Nancy Pelosi, la présidente démocrate de la chambre des représentants a donnéle ton de l'hommage aux suffragettes,

Le contraste était saisissant mardi au Congrès américain où de nombreuses élues démocrates habillées de blanc en hommage au mouvement des suffragettes écoutaient, aux côtés de leurs homologues masculins en costume sombre, le traditionnel discours sur l'état de l'Union de Donald Trump.

Les différences étaient très marquées dans l'hémicycle qui accueille depuis janvier un nombre record de femmes (131) et d'élus issus de minorités.

De nombreuses élues démocrates de la Chambre des représentants avaient choisi le blanc en hommage au centenaire du mouvement des suffragettes, qui se sont battues pour le droit de vote des femmes après la première Guerre mondiale. Nancy Pelosi, chef de la majorité démocrate à la Chambre, était également an blanc, assise derrière le président américain pendant son discours.

Du côté républicain, certaines parlementaires avaient choisi le rouge.

Avant l'arrivée du président républicain, plusieurs élus démocrates se sont pris en photo entre éclats de rires et applaudissements, dont les nouvelles arrivées et premières musulmanes Rashida Tlaib et Ilhan Omar. L'élue du Minnesota âgée de 37 ans, réfugiée somalienne, portait un voile bleu et une tenue aux couleurs de l'Amérique.

Moment de rare union et de courte détente: la mention par le président du nombre record de femmes dans la population active... et au Congrès.

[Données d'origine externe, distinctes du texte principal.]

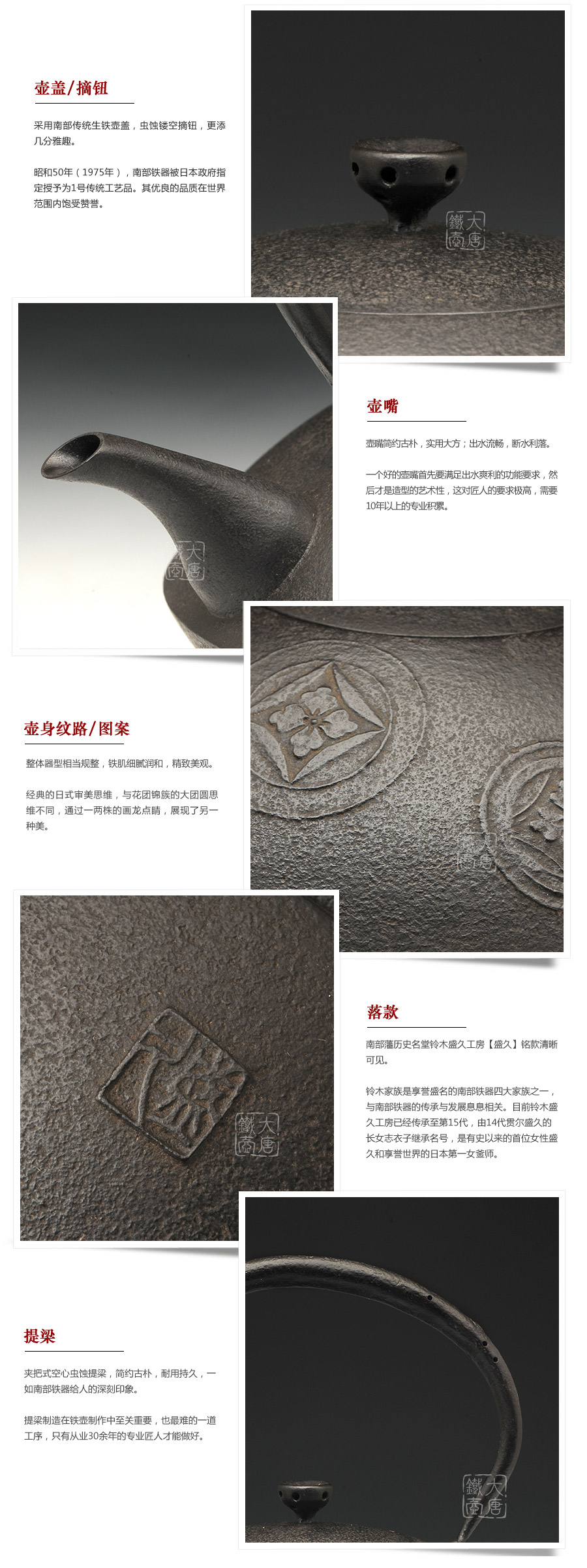南部鐵器的傳承與發(fā)展,與鈴木家族息息相關(guān)。鈴木家始祖縫殿家綱受第27代藩主南部利直召喚,成為藩主御用釜師,以梵鐘、燈籠等作品而聞名。到了第3代喜兵衛(wèi)家久時(shí)代,南部藩開(kāi)始流行茶道,于是他們轉(zhuǎn)而從事茶道具的相關(guān)制作。

"Tous les Américains peuvent être fiers de voir que nous avons plus de femmes dans la population active que jamais auparavant. Et cent ans exactement après que le Congrès a approuvé un amendement à la Constitution donnant aux femmes le droit de vote, nous avons aussi plus de femmes au Congrès que jamais auparavant", a affirmé Donald Trump.

Une déclaration qui a provoqué une ovation debout des deux côtés de l'hémicycle et dans les gradins des invités. Les enfants de Donald Trump, dont sa fille Tiffany, également vêtue de blanc, ont aussi chaleureusement applaudi.

"Vous n'étiez pas censées faire ça, merci beaucoup", a lancé en souriant M. Trump lorsque les premiers applaudissements fusaient.

Les trois sénatrices démocrates en lice pour la présidentielle de 2020, toutes debout, Elizabeth Warren, Kamala Harris et Kirsten Gillibrand, ont joyeusement applaudi et rejoint les cris spontanés de "USA" scandés par tout l'hémicycle.

"Je pense que le président ne réalise pas que tous ces emplois qu'il a créé pour les femmes l'ont été au Congrès", a affirmé à l'AFP, en souriant, Kirsten Gillibrand à la fin du discours.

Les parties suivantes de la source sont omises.